6. Genetic and Clinical Evidence

Although PCSK9 has been widely investigated in cancer biology, the development of PCSK9-targeted therapies for oncology remains limited compared with their extensive use in cardiovascular disease. Nevertheless, human genetic and clinical observations increasingly suggest that PCSK9 may hold therapeutic relevance in oncology.

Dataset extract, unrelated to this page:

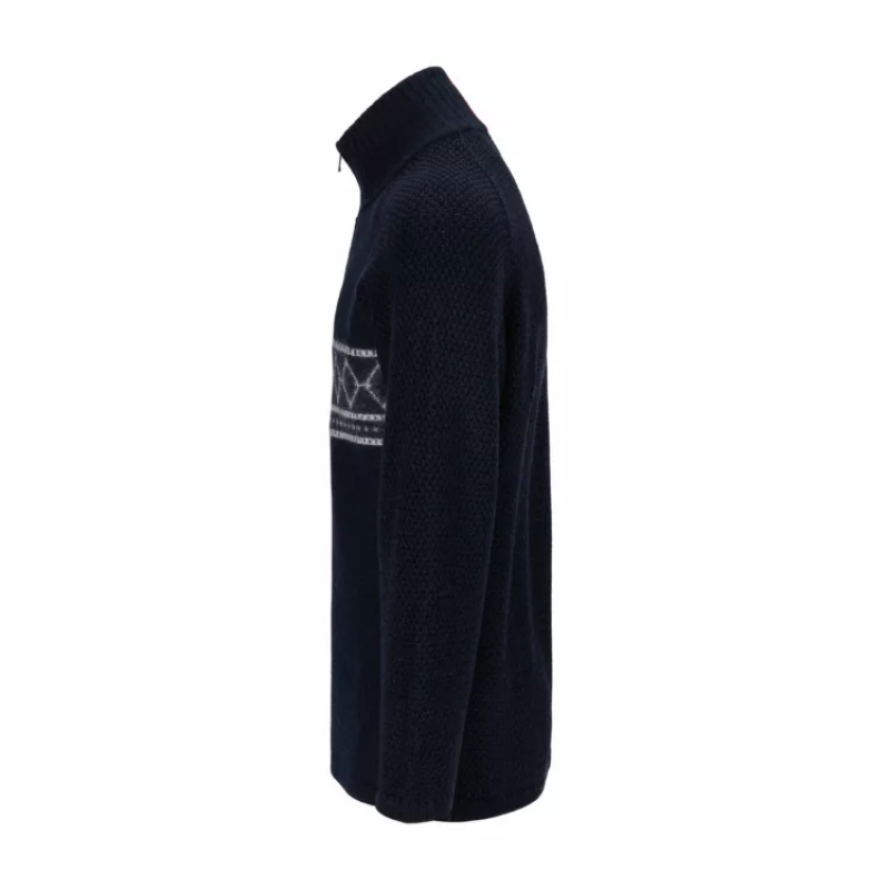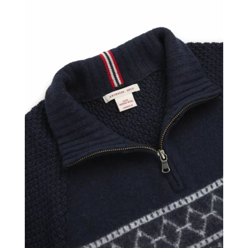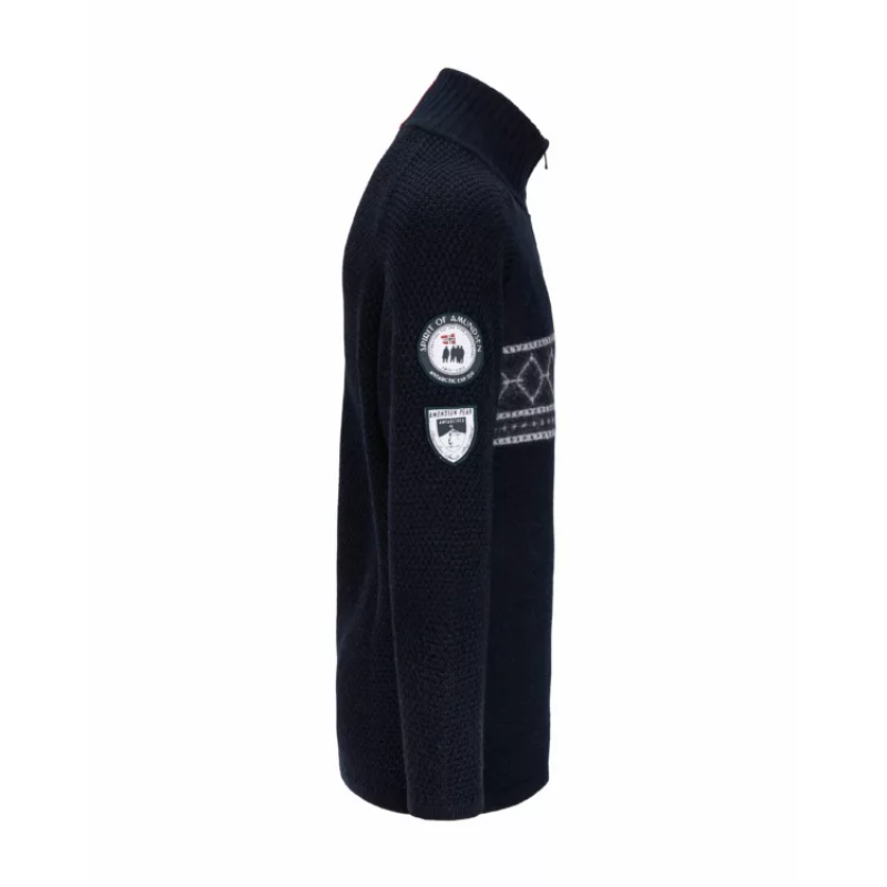 Denne genseren er laget av 100 % kokt merinoull, og er strategisk sydd for å gi en tett varm strikk foran og en løsere «mosesøm» på armer og bak for bevegelighet. Selvfølgelig har vi stolt et tradisjonelt nordisk mønster over brystet.
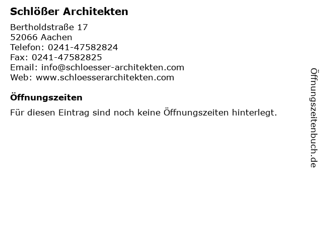 | Öffnungszeiten Schlößer Architekten in Aachen anzeigen | |

A Mendelian randomization analysis showed that by inhibiting PCSK9, the risk of overall and early-onset prostate cancer was significantly reduced, with odds ratios (OR) = 0.85 and 0.7, respectively [86]. This effect has been suggested to be associated with the regulation of lipoprotein(a).
Clinical biomarker studies further show that circulating PCSK9 levels are elevated in several malignancies, including stage III breast cancer and hepatocellular carcinoma, where higher plasma or tissue expression correlates with aggressive disease features [24,87]. Complementary transcriptomic analyses across large patient cohorts reveal that PCSK9 is upregulated in multiple tumor types and displays context-dependent prognostic associations, often predicting poorer outcomes in colorectal, pancreatic, renal cancer, and melanoma [55]. These observations indicate that the contribution of PCSK9 to cancer biology varies across tumor types, likely reflecting differences in tissue-specific lipid metabolism, oncogenic signaling, and immune environment. Several clinical studies have also started to investigate targeting PCSK9 in combating cancer disease, as briefly summarized in a review by Oza & Kashfi [7]. Most clinical trials on it are targeting metastatic non-small cell lung cancer (NSCLC), and others are targeting high-grade glioma/glioblastoma and metastatic pancreatic cancer. One of them, NCT05128539, also focuses on testing the safety and early efficacy of anti-PCSK9 with toripalimab (a PD-1 inhibitor) on various advanced cancers of all types [88]. These emerging data, together with mechanistic insights linking PCSK9 to cholesterol handling, receptor signaling, and immune modulation, provide a coherent rationale for exploring PCSK9 inhibition as a complementary approach in cancer therapy. Accordingly, Table 3 summarizes currently available PCSK9-targeting drugs and experimental modalities, along with their proposed relevance to cancer treatment.
Table 3. PCSK9-targeting drugs and modalities with potential relevance in cancer therapy.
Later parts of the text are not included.